You basically have two problems: (i) image complexity; and (ii) representation of dates.
For the first, while there will never be a perfect solution, I suggest decomposing complexity by using a hierarchical approach. By using “triple links”, you can mentally represent any arbitrary tree as a binary tree and keep all information organized (I’ve just talked about it on this thread, if you care to read). Higher-level images are not just mnemonic representations of headings in a textbook but they actually summarize the information of the level below, thus assisting in the memorization process per se. By “triple link” I mean that a given image must be able to connect to a right-sibling, i.e., another image in the same hierarchical level, and to a first-child, i.e., the first image one level below. There can be a multitude of methods to do so. I tend to make right-sibling links by “seeing” a story unfold in space. This is not the same thing as artificial memory palaces, but I do like to place the images in a geographical area, even if a very approximate, blurred, or fictitious one. First-child links I create by going “inside” the image or doing other crazy associations that don’t extend across space. This is only approximate – method can only go so far in madness – but, inserted into a spaced repetition regime, it has worked well so far.
With respect to your second problem, I suggest you rely a little on your natural memory and understanding of the subject-matter when possible. For instance, I have just memorized a small book on the Enlightenment.
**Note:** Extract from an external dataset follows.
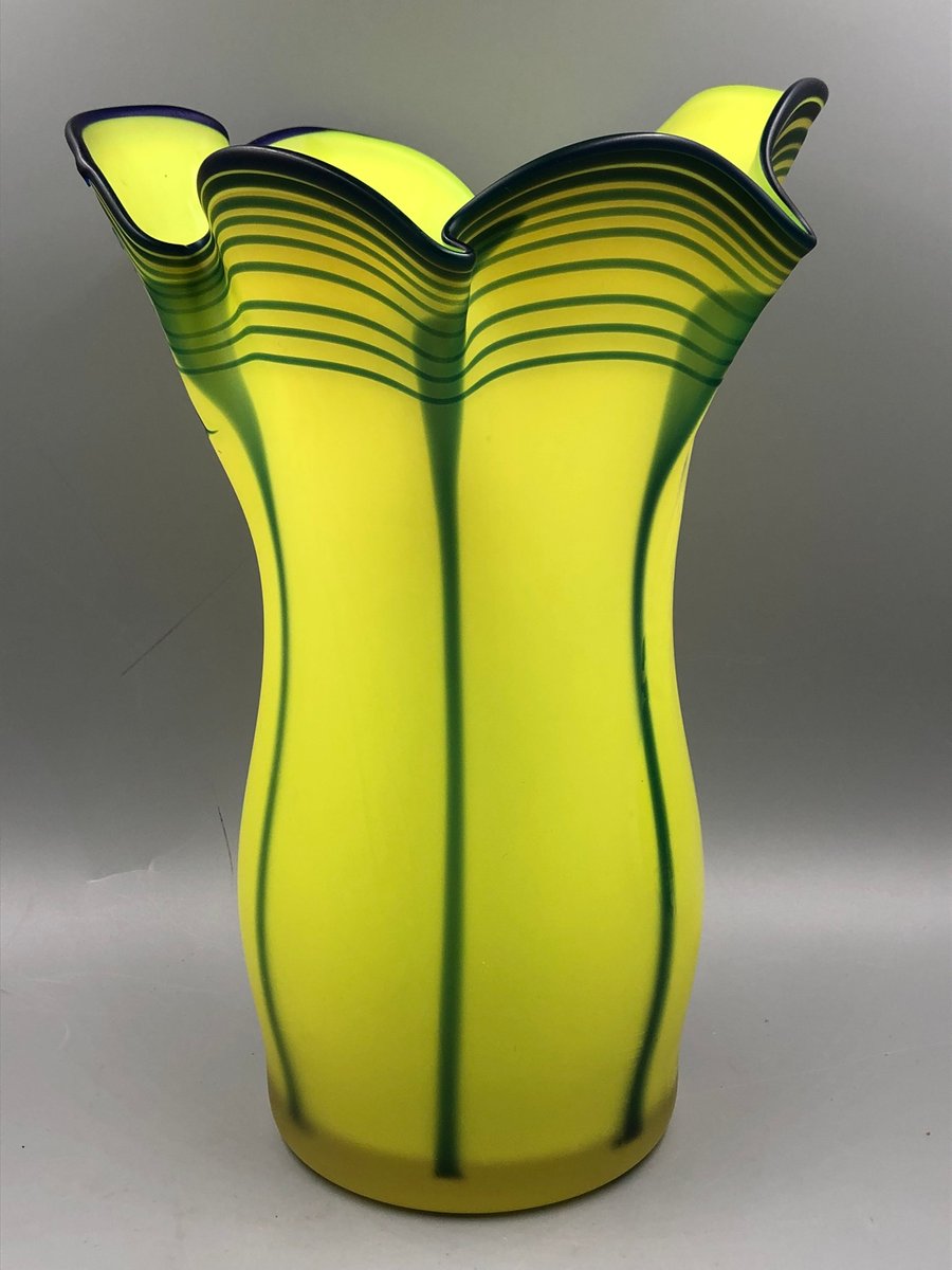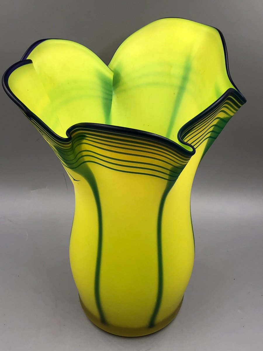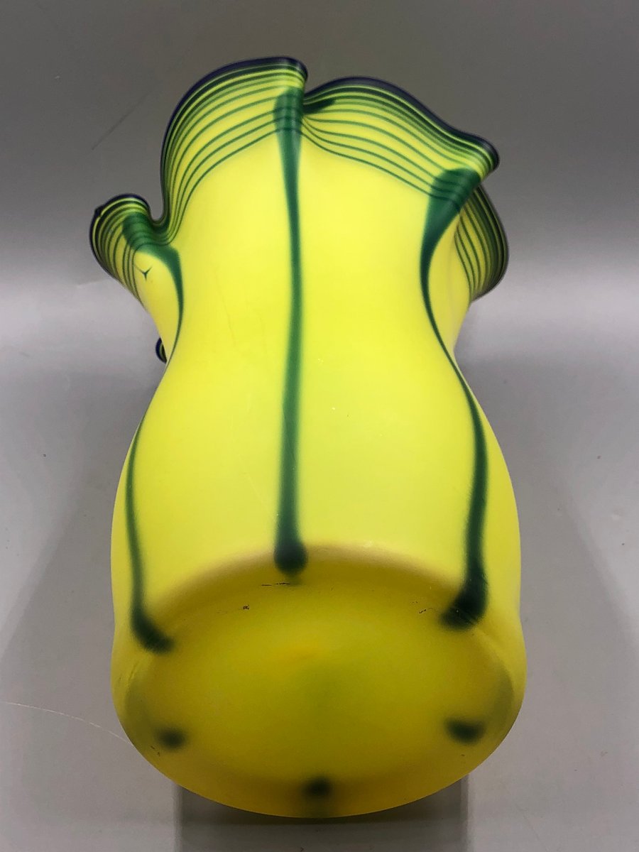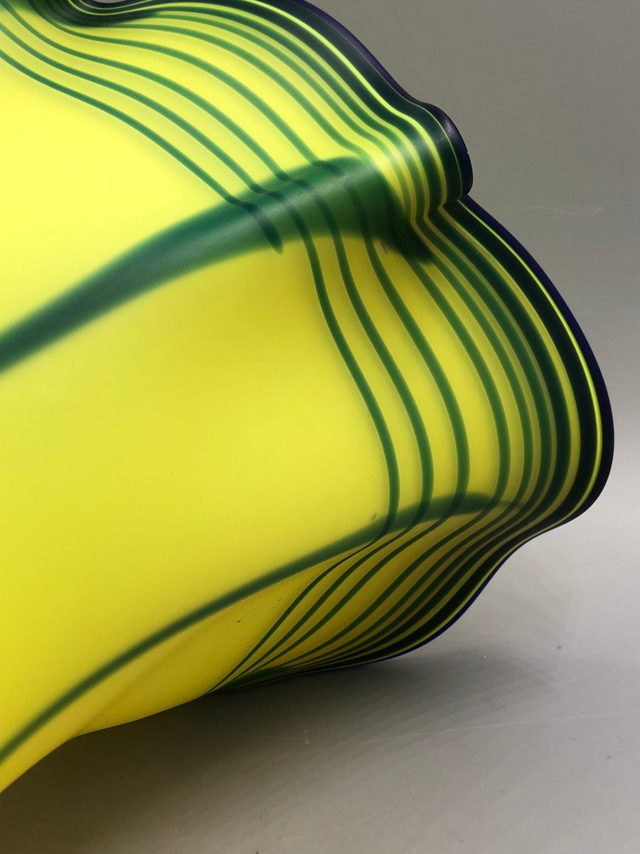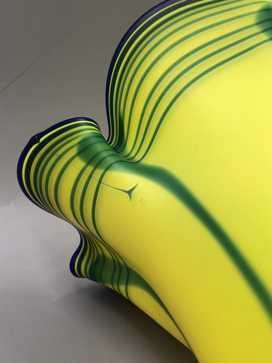 Questo pezzo unico e mozzafiato di arte vetraria colpisce per la sua forma stravagante, insolita per l'epoca, che ricorda un calice di fiori in movimento in un caldo vento estivo. L'affascinante contrasto di colori tra il giallo brillante come colore di base e il blu intenso e il verde-blu, che avvolge il vaso in linee ampie, rende questo grande oggetto unico. È un assoluto colpo d'occhio che non abbiamo mai visto prima. Un vaso in vetro veramente decorativo e moderno del XX secolo in condizioni originali incontaminate. Firmato "Eisch" sul fondo.

While the philosophers mentioned span from 1500s to 1800s, the subject-matter itself and the order the book is laid out help me easily guess the “16xx and 17xx” I encounter.
That said, I do have a “system” to remember approximate birth/death dates of important historical figures. Note that I said “approximate”. I find it important to situate people in time, but usually, I don’t care about exact dates. What I do is that I use one single image of my 00-99 number system, and that can be either the Person or the Object (I use a PO system) or, sometimes, just a small attribute of either the P or the O. If, for instance, I want to memorize that Voltaire lived from 1694 to 1778, I use the image for 97, meaning that he was born in the 90s of a given century and died in the 70s of another. Since I know he was a key figure of the Enlightenment and that he could not have possibly lived more than 180 years, I can have a pretty good notion of his lifespan.
Now, when precise dates are needed, I see no other option than using two 00-99 images or the like. About it being hard to discern the sub-images within a given locus as to which is a number and which is not, unfortunately, I believe you will either always need to put some effort into decoding it (which is greatly minimized by spaced repetition) or you will have to keep a logical organization of your images (which, for me, is not desirable). I have a long thread on this forum about trying to conjure images that convey exact sentence structures by their visual arrangement, but I have long abandoned that project. I love order and method, but mnemonics is greatly hampered by too much of it, in my opinion.
I hope that might provide you some insights.